Search code examples
linuxbashsedwgetgnome-terminal

sed explanation so I can recreate a bit of code?


Can someone please explain the following sed command?

title=$(wget -q -O - https://twitter.com/intent/user?user_id=$ID | sed -n 's/^.*<title>\(.*\) on Twitter<.title>.*$/\1/p')
printf "%s\n" "$title"

I tried (and failed terribly) to recreate it because I thought I understood what was going on in the code. So I wrote (well, more modded) it to be the following:

data-user-id=$(wget -q -O - https://twitter.com/$Username | sed -n 's/^.*"data-user-id">\([^<]*\)<.*$/\1/p')
printf "%s\n" "$data-user-id"

Obviously it errored because the syntax is wrong or something.

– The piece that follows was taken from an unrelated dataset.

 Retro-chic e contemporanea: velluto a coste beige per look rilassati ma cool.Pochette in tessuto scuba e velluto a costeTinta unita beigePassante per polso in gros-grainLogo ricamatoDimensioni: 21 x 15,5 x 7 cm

But I'm trying to understand what is going on so I can make my own variant of it.

P.S. I can't just use the API for this due to how everything needs to be configured.


Solution

  • Give a try to this:

    wget -q -O - https://twitter.com/"${Username}" | sed -n '/data-screen-name=.'"${Username}"'".*data-user-id=/I {s/^.*data-screen-name=.'"${Username}"'".*data-user-id="\([0-9]*\)".*$/\1/Ip;q}'
    
    128700677
    

    data-user-id is present in several lines, so it is needed to select a line where data-screen-name=Username

    sed is using regular expression, there are 2 good tutorials to start with:

    A different sed script with a different output:

    Username="StackOverflow"
    wget -q -O - https://twitter.com/"${Username}" | sed -n '/data-screen-name=.'"${Username}"'".*data-user-id=/I {p;q}'
    
    data-screen-name="StackOverflow" data-name="Stack Overflow" data-user-id="128700677"
    

    -n instructs sed to not print anything, except when p command is used.

    . means any char.

    * applies to the previous char in the regex and it means zero or any number of this char.

    .* means zero or any number of any char.

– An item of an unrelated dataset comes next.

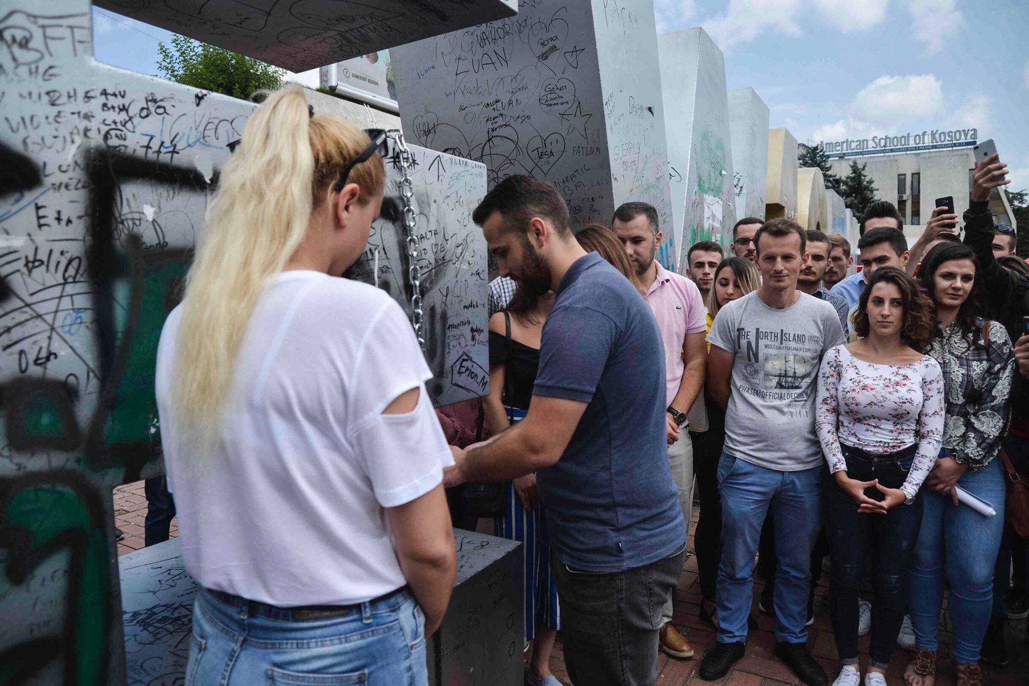Aksioni simbolik u zhvillua te NEWBORN, ku shkronjës E, që simbolizonte në këtë rast Europën, iu hoq zingjiri, me të cilin ishte rrethuar, nga të rinjtë e PDK-së për të kërkuar lirinë e lëvizjes për qytetarët e Kosovës dhe largimin e padrejtë të izolimit që ekziston ndaj tyre.

    /data-screen-name=.'"${Username}"'".*data-user-id=/ select lines which contains data-screen-name= and any one char (.) and StackOverflow and " char and zero or any number of any char (.*) and data-user-id=.

    /I means ignore case.

    {p;q} are commands executed when above regex is true. p prints the current line. q exits the sed script.

    The first sed script at the top contains an additional s/regex/replacement/ to clean up the line.

    The additional elements used:

    ^ means the start of the line.

    \( ... \) are used to define a group.

    "\([0-9]*\)" is a group made of only digits, surrended with 2 " which are not part of the group. It is the first group found in the regex, so it can be referenced in the replacement part with \1.